İnternette ayrıca şöyle bir bilgiye ulaştım: “20. yüzyılda 9-39 yıl arayla antijenik sapma sonucu ortaya çıkan yeni virüs alt tiplerine bağlı dört ya da beş grip pandemisi olmuştur. 1918-1919 yıllarındaki H1N1 pandemisinin 40 milyon kişinin ölümüne neden olduğu tahmin edilmektedir. Ardından 1957-1958 (H2N2), 1968-1969 (H3N2) ve 1977-1978 (H1N1) pandemileri olmuştur. Halen dünya üzerinde H3N1 ve H1N1 virüsleri birlikte dolaşmaktadır. H5N1 virüsü ise ilk 1983 yılında Amerika da görüldü. 2016 yılında H5N8 kuş gribi virüsü Rusya’nın güneyinde yer alan Tuva Cumhuriyeti’ndeki yabani kuşlarda görüldü. Kanatlı hayvanlar için oldukça bulaşıcı olan virüs, Polonya ve Macaristan’a ulaşarak batıya ve güneye yöneldiği ve şimdiye kadar bu kuş ile enfekte olan bir insana rastlanmadığı bildirilmiştir”. BSL-3 Ag ve BSL-4 sınıf Laboratuvarında virüslerin ve bakterilerin genetik yapıları değiştirilebiliyor. Yani adrese teslim mikrop üretilebiliyor. Bakın dünyada artık bir “Bio güvenlik”, “Biyolojik savaş” ve “Bio terör”den söz ediliyor.
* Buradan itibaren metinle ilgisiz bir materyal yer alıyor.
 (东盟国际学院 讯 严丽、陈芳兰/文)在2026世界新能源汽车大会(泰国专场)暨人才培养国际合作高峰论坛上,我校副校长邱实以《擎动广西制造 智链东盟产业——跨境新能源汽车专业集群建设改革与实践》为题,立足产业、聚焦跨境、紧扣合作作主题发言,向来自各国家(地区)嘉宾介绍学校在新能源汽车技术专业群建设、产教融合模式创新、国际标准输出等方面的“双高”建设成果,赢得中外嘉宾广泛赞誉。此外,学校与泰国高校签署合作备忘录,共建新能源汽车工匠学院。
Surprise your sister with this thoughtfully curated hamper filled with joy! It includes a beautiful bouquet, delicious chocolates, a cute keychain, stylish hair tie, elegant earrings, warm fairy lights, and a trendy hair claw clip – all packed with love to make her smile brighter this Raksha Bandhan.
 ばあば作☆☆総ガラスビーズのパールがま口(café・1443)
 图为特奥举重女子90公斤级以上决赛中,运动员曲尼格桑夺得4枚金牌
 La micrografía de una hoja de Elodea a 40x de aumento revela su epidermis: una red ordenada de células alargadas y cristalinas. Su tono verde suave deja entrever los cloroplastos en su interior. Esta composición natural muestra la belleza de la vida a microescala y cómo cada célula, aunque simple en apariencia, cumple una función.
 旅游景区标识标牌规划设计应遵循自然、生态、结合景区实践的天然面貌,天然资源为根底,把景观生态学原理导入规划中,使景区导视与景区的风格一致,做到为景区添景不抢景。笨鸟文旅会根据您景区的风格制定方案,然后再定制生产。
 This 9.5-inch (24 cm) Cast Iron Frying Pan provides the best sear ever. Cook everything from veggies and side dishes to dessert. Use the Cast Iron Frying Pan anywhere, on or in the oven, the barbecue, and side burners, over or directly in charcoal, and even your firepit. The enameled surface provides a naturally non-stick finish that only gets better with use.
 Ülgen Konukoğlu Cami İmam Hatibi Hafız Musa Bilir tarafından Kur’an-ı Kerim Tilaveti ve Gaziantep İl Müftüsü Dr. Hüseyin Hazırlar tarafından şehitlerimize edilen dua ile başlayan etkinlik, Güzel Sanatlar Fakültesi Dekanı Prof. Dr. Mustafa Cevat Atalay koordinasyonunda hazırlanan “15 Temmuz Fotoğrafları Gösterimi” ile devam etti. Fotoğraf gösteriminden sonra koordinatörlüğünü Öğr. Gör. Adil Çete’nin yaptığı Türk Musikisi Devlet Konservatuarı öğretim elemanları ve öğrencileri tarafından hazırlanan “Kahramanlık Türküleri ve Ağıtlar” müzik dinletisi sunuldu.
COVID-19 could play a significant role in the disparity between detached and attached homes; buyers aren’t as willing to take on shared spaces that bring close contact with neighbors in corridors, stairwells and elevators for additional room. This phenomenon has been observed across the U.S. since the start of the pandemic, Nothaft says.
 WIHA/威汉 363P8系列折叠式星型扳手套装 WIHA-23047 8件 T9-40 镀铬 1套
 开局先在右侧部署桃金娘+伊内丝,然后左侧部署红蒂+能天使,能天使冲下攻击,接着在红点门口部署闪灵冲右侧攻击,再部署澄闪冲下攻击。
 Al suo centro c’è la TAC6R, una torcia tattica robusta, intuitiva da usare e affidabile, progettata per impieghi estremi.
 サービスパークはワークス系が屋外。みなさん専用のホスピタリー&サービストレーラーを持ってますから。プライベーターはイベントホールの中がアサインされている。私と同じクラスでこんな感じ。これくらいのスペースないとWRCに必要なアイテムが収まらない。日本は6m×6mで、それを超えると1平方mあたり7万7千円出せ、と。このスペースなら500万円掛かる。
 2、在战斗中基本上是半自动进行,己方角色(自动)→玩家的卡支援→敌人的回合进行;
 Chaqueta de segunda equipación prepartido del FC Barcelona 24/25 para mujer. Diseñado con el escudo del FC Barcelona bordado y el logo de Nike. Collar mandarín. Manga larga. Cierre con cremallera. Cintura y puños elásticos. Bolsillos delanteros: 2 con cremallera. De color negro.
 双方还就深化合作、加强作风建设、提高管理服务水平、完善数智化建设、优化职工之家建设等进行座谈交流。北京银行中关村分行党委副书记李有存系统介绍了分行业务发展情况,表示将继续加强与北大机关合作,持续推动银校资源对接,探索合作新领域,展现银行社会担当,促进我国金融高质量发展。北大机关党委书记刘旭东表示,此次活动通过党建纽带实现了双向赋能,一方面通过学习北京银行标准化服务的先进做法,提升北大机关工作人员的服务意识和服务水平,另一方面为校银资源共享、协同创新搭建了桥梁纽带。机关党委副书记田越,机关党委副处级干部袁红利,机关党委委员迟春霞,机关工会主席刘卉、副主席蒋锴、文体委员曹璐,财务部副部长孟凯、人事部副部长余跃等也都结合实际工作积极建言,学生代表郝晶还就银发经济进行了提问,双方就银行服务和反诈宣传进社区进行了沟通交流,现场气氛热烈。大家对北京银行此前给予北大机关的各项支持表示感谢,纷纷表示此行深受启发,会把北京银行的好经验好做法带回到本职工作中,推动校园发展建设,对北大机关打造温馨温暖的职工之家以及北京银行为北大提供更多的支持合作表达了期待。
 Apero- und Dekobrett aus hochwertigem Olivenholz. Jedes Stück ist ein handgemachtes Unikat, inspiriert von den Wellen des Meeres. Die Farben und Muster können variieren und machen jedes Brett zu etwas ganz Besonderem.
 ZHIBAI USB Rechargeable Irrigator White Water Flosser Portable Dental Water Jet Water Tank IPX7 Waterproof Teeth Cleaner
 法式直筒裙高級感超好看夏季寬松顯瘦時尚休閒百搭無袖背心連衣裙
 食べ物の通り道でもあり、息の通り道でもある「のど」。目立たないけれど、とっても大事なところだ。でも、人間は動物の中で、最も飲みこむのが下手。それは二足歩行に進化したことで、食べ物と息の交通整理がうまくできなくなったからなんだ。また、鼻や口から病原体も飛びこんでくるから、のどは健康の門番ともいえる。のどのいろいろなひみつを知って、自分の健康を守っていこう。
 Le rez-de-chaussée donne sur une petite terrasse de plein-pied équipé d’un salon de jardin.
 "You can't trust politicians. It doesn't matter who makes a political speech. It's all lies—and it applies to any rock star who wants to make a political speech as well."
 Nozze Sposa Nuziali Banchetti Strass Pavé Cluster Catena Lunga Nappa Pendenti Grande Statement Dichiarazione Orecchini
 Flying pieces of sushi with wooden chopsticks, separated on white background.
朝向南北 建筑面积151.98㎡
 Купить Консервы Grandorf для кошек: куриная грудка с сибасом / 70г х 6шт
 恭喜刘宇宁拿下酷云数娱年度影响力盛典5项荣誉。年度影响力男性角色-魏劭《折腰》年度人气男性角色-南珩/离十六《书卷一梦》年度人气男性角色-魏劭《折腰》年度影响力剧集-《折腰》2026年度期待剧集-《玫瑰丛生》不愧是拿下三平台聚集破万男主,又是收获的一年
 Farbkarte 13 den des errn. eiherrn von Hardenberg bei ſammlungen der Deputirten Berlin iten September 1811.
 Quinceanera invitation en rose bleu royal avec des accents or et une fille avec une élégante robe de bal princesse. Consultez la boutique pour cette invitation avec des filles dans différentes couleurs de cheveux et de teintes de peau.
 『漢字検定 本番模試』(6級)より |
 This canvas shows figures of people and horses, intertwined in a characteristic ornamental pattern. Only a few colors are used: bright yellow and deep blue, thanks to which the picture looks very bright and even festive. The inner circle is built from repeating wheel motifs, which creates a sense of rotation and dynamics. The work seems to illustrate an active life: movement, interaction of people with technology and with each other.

Biyolojik silah kapasitesine sahip 4. Seviye Bio Lab’a sahip 16 ülke var. Bunlardaki 4. sınıf Laboratuvarların ülkelerdeki sayısı şöyle: ABD/15, İngiltere/6, Almanya/4, Avustralya/4, Hindistan/3, Afrika/2, Doğu Avrupa/2, İtalya/2, Japonya/2, İsviçre/2, Kanada/1, Çin/1, Fransa/1, Hollanda/1, Rusya/1, Singapur/1, İsveç/1. Afrika’daki bir laboratuvar Fransızlara, diğeri İngilizlere ait. Doğu Avrupa’daki 2 Laboratuvar ise Çek ve Belarus’da bulunuyor. Toplam 39 laboratuvarın 33’ü ABD ve Avrupa’da bulunuyor. Çin’de sadece 1 tane bulunuyor. O da 2015’de ilk olarak Vuhan’da kurulmuş. Kurulur kurulmaz da ABD’nin tehdidine muhatap olmuş.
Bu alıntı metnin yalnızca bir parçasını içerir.